Reconnaissance du génocide arménien par la Syrie: un pavé dans le jardin turc

Le Parlement syrien a reconnu et condamné le génocide arménien jeudi 13 février. Un million 500.000 d'Arméniens avaient été massacrés par l’empire ottoman entre 1915 et 1917. Une décision symbolique qui intervient sur fond de vives tensions entre la Syrie et la Turquie.

Les armées des deux pays se sont affrontées à plusieurs reprises ces derniers jours et le président turc Recep Tayyip Erdogan a menacé de « frapper partout » le régime syrien en cas de nouvelle attaque.

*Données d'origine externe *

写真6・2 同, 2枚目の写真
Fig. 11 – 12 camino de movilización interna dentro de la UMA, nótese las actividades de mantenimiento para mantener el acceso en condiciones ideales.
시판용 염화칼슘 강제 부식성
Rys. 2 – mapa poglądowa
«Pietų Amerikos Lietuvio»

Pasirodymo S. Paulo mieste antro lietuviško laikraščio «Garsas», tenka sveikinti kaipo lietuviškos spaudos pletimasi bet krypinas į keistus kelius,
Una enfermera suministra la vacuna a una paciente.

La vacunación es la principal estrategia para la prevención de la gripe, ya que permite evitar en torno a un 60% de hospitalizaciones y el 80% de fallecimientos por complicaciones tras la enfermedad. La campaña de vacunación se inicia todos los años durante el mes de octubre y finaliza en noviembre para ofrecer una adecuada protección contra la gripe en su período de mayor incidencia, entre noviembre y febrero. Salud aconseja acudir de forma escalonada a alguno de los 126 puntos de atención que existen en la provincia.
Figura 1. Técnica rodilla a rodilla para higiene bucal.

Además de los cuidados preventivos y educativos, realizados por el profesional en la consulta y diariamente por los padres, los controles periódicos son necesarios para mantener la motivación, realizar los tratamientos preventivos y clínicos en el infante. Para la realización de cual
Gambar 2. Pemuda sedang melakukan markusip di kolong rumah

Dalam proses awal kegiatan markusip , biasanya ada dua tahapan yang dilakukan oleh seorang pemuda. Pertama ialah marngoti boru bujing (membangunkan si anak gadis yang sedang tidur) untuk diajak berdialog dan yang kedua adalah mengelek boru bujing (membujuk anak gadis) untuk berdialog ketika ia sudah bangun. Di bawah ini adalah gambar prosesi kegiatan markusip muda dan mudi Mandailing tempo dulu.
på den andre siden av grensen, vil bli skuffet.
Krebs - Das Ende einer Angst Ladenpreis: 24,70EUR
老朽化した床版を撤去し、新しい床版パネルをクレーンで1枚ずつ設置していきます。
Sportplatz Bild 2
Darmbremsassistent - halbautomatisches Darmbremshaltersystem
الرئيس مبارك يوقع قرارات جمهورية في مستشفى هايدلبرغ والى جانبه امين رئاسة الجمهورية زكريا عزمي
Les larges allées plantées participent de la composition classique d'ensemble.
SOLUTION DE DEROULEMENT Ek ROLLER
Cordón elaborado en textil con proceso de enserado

Selon Michel Duclos, conseiller spécial à l’institut Montaigne et ancien ambassadeur de France en Syrie, à travers cette reconnaissance du génocide arménien, Damas cherche à défier Ankara. Cette reconnaissance est « un élément de plus dans l’actuelle confrontation, qui monte en puissance, entre la Turquie et Damas .» 

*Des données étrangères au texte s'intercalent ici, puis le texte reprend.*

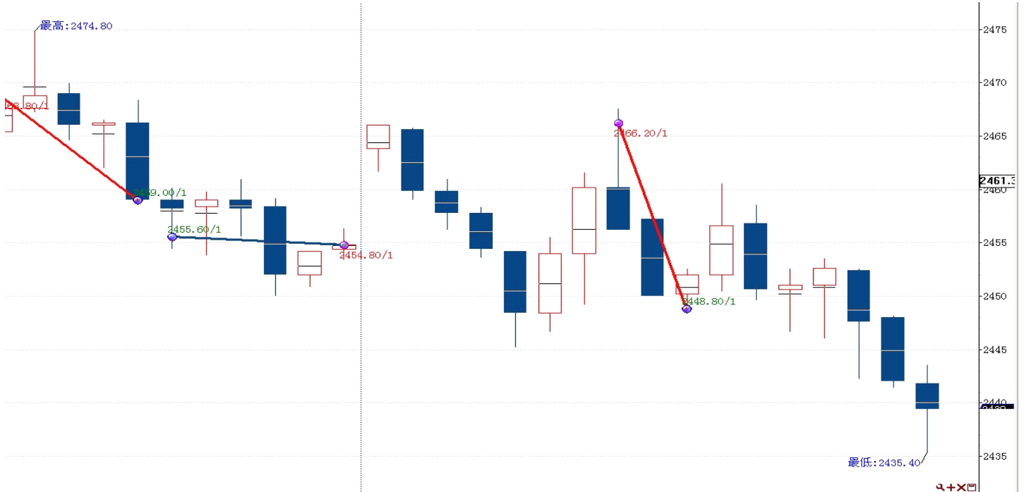
图表 2: 交易情况
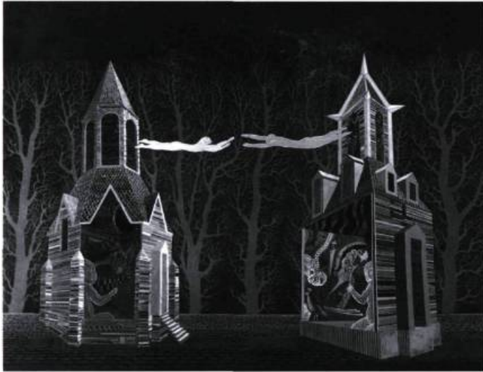
Nuit, 1982, détrempe à l'œuf vernie sur masonite, 63,5 x 81 cm.

miniatures présentée, l'automne 1991, au Mont Saint-Anne, à Beaupré, non loin de Québec.
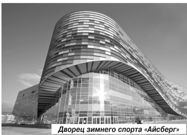
Дворец зимнего спорта «Айсберг»

Selon Michel Duclos, « c’est une façon pour le régime de Bachar el-Assad de rompre, de brûler les ponts avec la Turquie, parce qu’il sait très bien qu’Erdogan va le prendre très mal », dans un contexte de « confrontation de plus en plus forte ».

Cette reconnaissance est « un défi qui participe de l’opération actuelle, où chacun montre ses muscles et cherche à imposer sa volonté à l’autre. C’est aussi une façon de couper court à une possibilité ultérieure de compromis ».

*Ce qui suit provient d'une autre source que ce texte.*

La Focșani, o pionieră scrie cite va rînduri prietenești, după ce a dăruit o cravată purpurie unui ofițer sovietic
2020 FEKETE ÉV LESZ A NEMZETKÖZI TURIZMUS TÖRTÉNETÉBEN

Jusqu’où peut aller cette confrontation entre Damas et Ankara ?

Le régime syrien souhaite certainement aller jusqu’au bout de cette confrontation, poursuit Michel Duclos, « parce que, pour lui, c’est une question de relégitimisation. Il faut qu’il montre qu’il est capable de reconquérir l’ensemble du territoire. Je crois aussi que, s’il réussit remettre la main sur Idleb, l’idée est qu’un jour ou l’autre, les autres territoires que détiennent les Turcs plus à l’est vont également tomber. »

Michel Duclos insiste sur la « détermination très forte » de Damas. « Même détermination du côté turc, mais avec ce handicap que les Turcs, s’ils peuvent envoyer des blindés, des troupes - ce qu’ils ne manquent pas de faire -, ils n’ont pas le contrôle de l’espace (aérien), puisque ce sont les Russes qui (le) contrôlent.»

La Turquie est de ce fait privée d'appui aérien pour ses troupes au sol. Cette maîtrise de l'espace fait que « les Russes restent l’arbitre de cette confrontation », conclut Michel Duclos.